When I was about nine or ten my father, having finished his OND(H), got a job with a youth training center in Aykley Heads, Durham (the actual location was somewhere near the center of this map; it appears the buildings they used are long gone).
They trained unemployed youths with some horticultural skills (among other things) in the hope of finding them work. This was the 1980s, after all, the time of large-scale unemployment and displacement, especially in North-East England. Heavy industries, such as coal-mining and shipbuilding, were closing down and the world was changing under everyone's feet.

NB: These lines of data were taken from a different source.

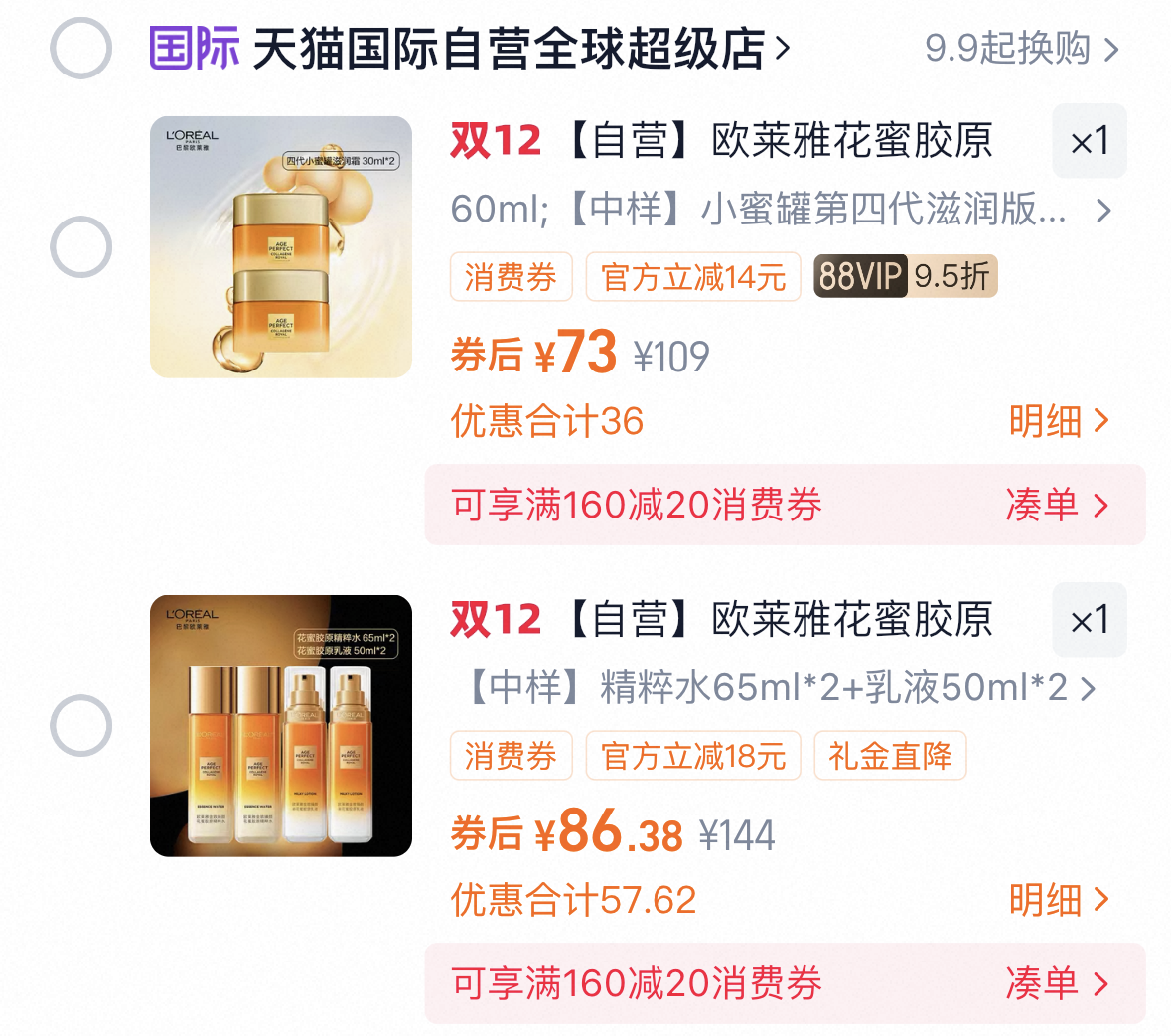 vip73 ~右上角进“淘淦币”拍~ - 好单发报员 2025年12月08日 00:57 0 举报 vip73~右上角进“淘淦币”拍~-【自营】欧莱雅花蜜胶原小蜜罐30ml*2https://m.tb.cn/h.70rxjSc 复制文案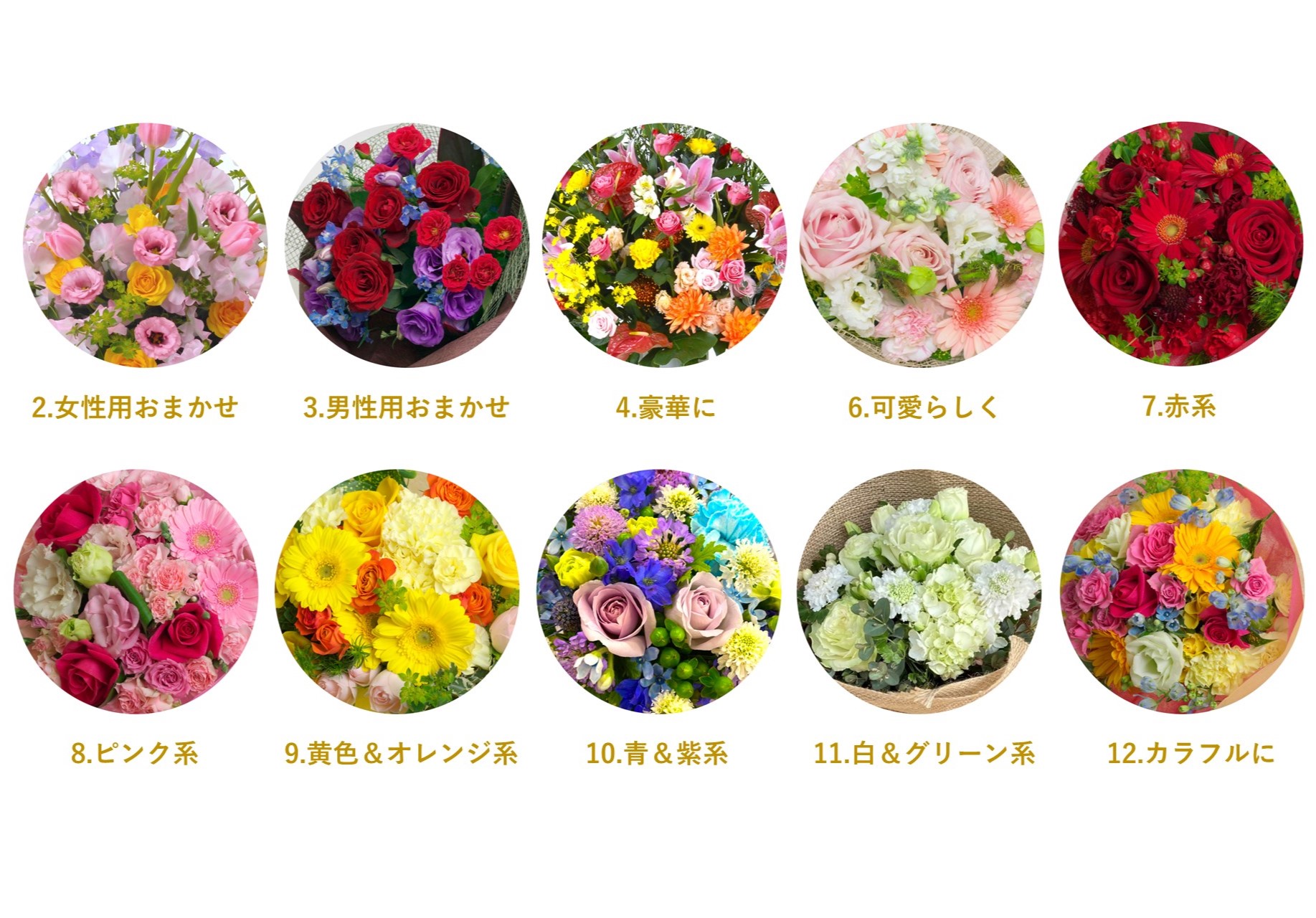 1.プロにおまかせ 2.女性用おまかせ 3.男性用おまかせ 4.豪華に 5.季節の花で 6.可愛らしく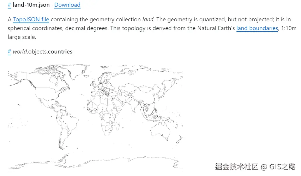 下载地址:[https://github.com/topojson/world-atlas](https://github.com/topojson/world-atlas)该地址提供全球范围的TopoJSON数据,包括国家、海洋和河流等。以下是数据样例和截图。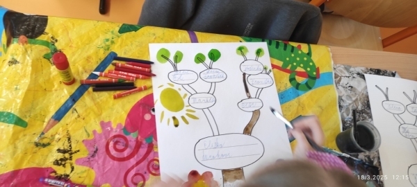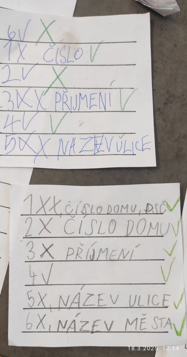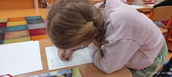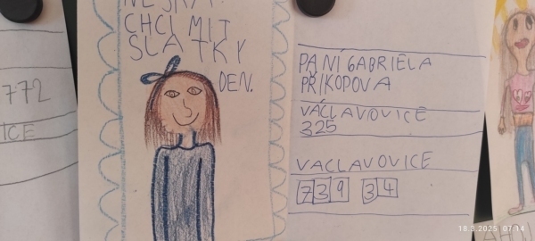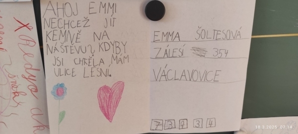 Učivo o psaní velkých písmen si užíváme. A docela nám to jde. I adresa je pro nás důležitá, tak ji zkoumáme, hledáme v ní, co chybí a trénujeme ji správně psát. Vytvořili jsme vlastní pohlednici a napsali dopis Sebíkovi, nakreslili obrázky, abychom mu udělali radost. To bude překvapení. Ve výtvarce jsme si zopakovali jména členů rodiny a vytvořili rokokmen.
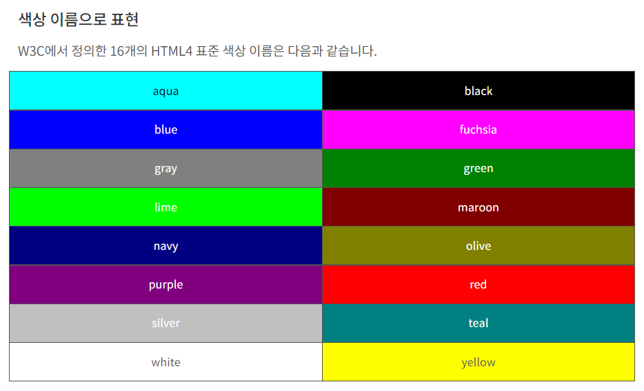 ex) <h1 style="color:blue">색상 이름으로 표현된 파란색</h1>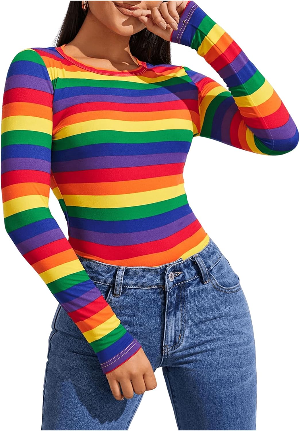 Floerns Women's Rainbow Striped Long Sleeve Round Neck Slim Fit Casual Tee Shirt Top

They found us housing in a set of houses built for policemen's families but at that time sitting vacant in the village of Sherburn, to the east of Durham proper, while my Dad's employment was to the north-west of the city. Sherburn was a scary place for newcomers. I recall many of the kids I went to school with there had never been beyond the visible horizon their entire lives. Scotland was a foreign land, inconceivably distant, alien to their world. The fact that large proportions of the village's inhabitants appeared to be related to one another gave it a horror-movie tone. I hated it.
Things got a little better when I started attending Gilesgate Comprehensive School, though, where it wasn't just the idiots from Sherburn.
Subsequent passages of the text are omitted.